Beyond the Hype: A Real-World Evaluation of the Impact and Cost of Machine Learning–Based Malware Detection

Robert A Bridges, Sean Oesch, Miki E Verma, Michael D Iannacone, Kelly MT Huffer, Brian Jewell, Jeff A Nichols, Brian Weber, Justin M Beaver, Jared M Smith, Daniel Scofield, Craig Miles, Thomas Plummer, Mark Daniell, Anne M Tall
Arxiv Pre-Print

There is a lack of scientific testing of commercially available malware detectors, especially those that boast accurate classification of never-before-seen (i.e., zero-day) files using machine learning (ML). The result is that the efficacy and trade-offs among the different available approaches are opaque. In this paper, we address this gap in the scientific literature with an evaluation of commercially available malware detection tools. We tested each tool against 3,536 total files (2,554 or 72% malicious, 982 or 28% benign) including over 400 zero-day types of malware, and tested with a variety of file types and protocols for delivery. Specifically, we investigate three questions: (1) Do ML-based malware detectors provide better detection than signature-based detectors?; (2) Is it worth purchasing a network-level malware detector to complement host-based detection?; and (3) What is the trade-off in detection time and detection accuracy among commercially available tools using static and dynamic analysis? We present statistical results on detection time and accuracy, consider complementary analysis (using multiple tools together), and provide a novel application of a recent cost–benefit evaluation procedure by Iannaconne & Bridges that incorporates all the above metrics into a single quantifiable cost to help security operation centers select the right tools for their use case. Our results show that while ML-based tools are more effective at detecting zero-days and malicious executables, they work best when used in combination with a signature-based solution.
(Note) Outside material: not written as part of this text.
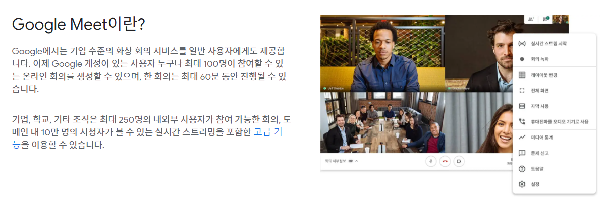 구글 미트는 구글의 행아웃 미팅이 리브랜딩 된 것으로, 2020년 5월 출시되었습니다. 구글 계정이 있는 사용자 누구나 쉽게 사용할 수 있다는 점에서 접근성이 매우 높은 프로그램입니다. 데스크탑과 노트북, 태블릿, 핸드폰 등 OS 상관 없이 모든 기기에서 사용 가능할 뿐만 아니라 별도의 설치가 필요 없고, URL 또는 PIN 코드만 있으면 바로 회의에 접속할 수 있어서 편리합니다. 최대 100명이라는 많은 인원을 수용하기 때문에 대규모 회의도 문제 없답니다.
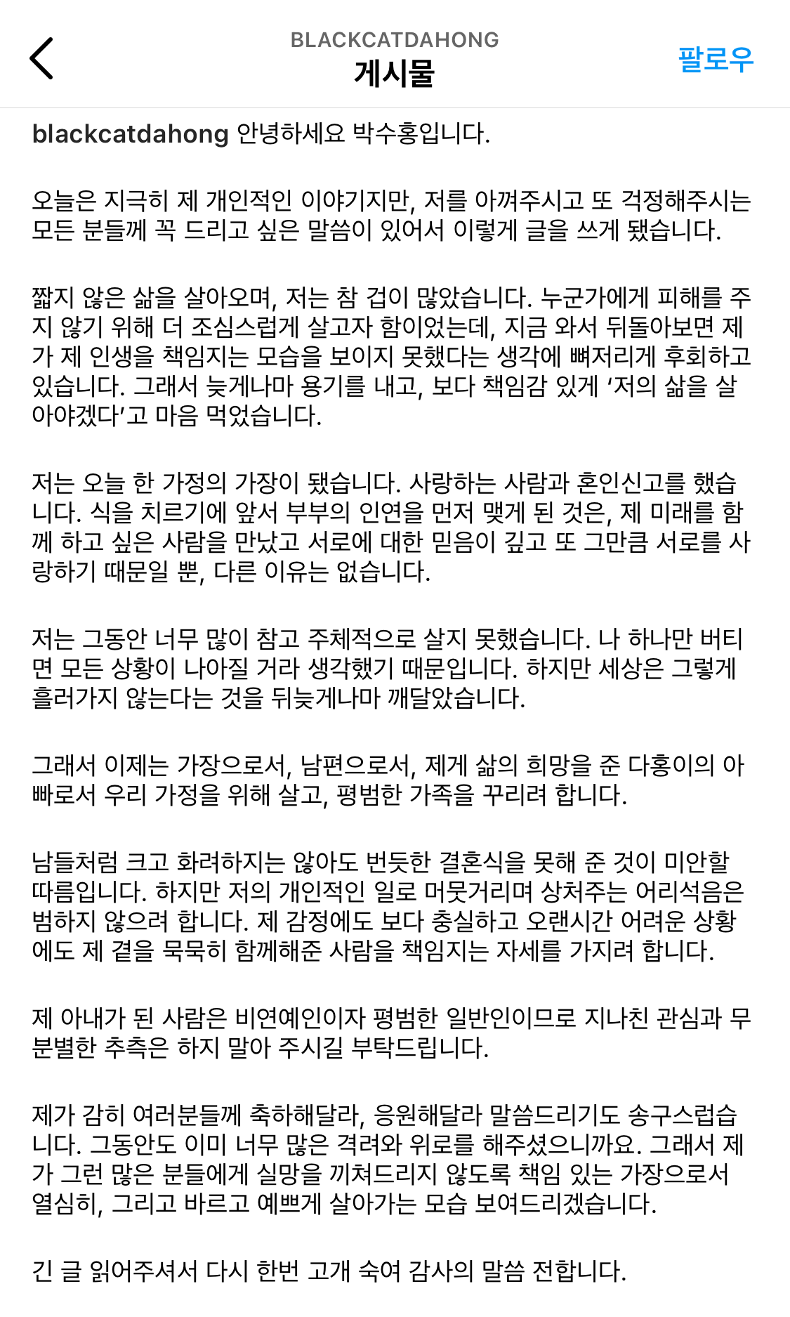 그동안 너무 많이 참고 주체적으로 살지 못했다는 박수홍은 이제부터 가장으로서, 남편으로서, 자신에게 삶의 희망을 준 다홍이의 아빠로서 가정을 위해 살고, 평범한 가족을 꾸리려 한다고 합니다. 그러면서도 아내가 된 사람은 비연예인이자 평범한 일반인이므로 지나친 관심과 무분별한 추측은 하지 말아 달라고 당부했습니다.

In addition, network-based tools had poor detection rates on protocols other than the Hypertext Transfer Protocol (HTTP) or the Simple Mail Transfer Protocol (SMTP), making them a poor choice if used on their own. Surprisingly, we also found that all the tools tested had lower than expected detection rates, completely missing 37% of malicious files tested and failing to detect any polyglot files.